* Provided entries:
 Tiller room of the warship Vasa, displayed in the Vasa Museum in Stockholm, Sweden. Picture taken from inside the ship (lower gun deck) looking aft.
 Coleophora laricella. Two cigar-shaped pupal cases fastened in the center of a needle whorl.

* * *

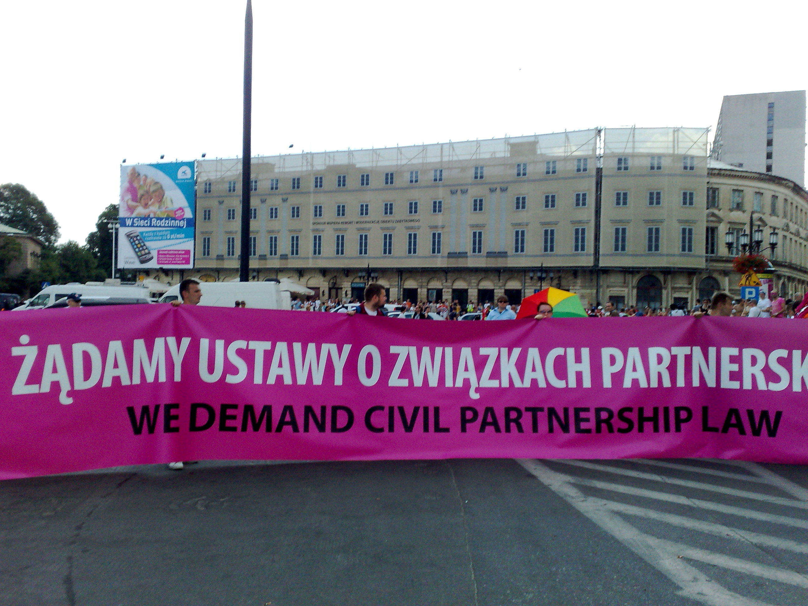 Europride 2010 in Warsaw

* What the task requires:
Scan the listing above for the line that has "Tiller room of", then copy exactly from that line through the line that has "Coleophora laricella. Two".

* Exercise result:
 Tiller room of the warship Vasa, displayed in the Vasa Museum in Stockholm, Sweden. Picture taken from inside the ship (lower gun deck) looking aft.
 Coleophora laricella. Two cigar-shaped pupal cases fastened in the center of a needle whorl.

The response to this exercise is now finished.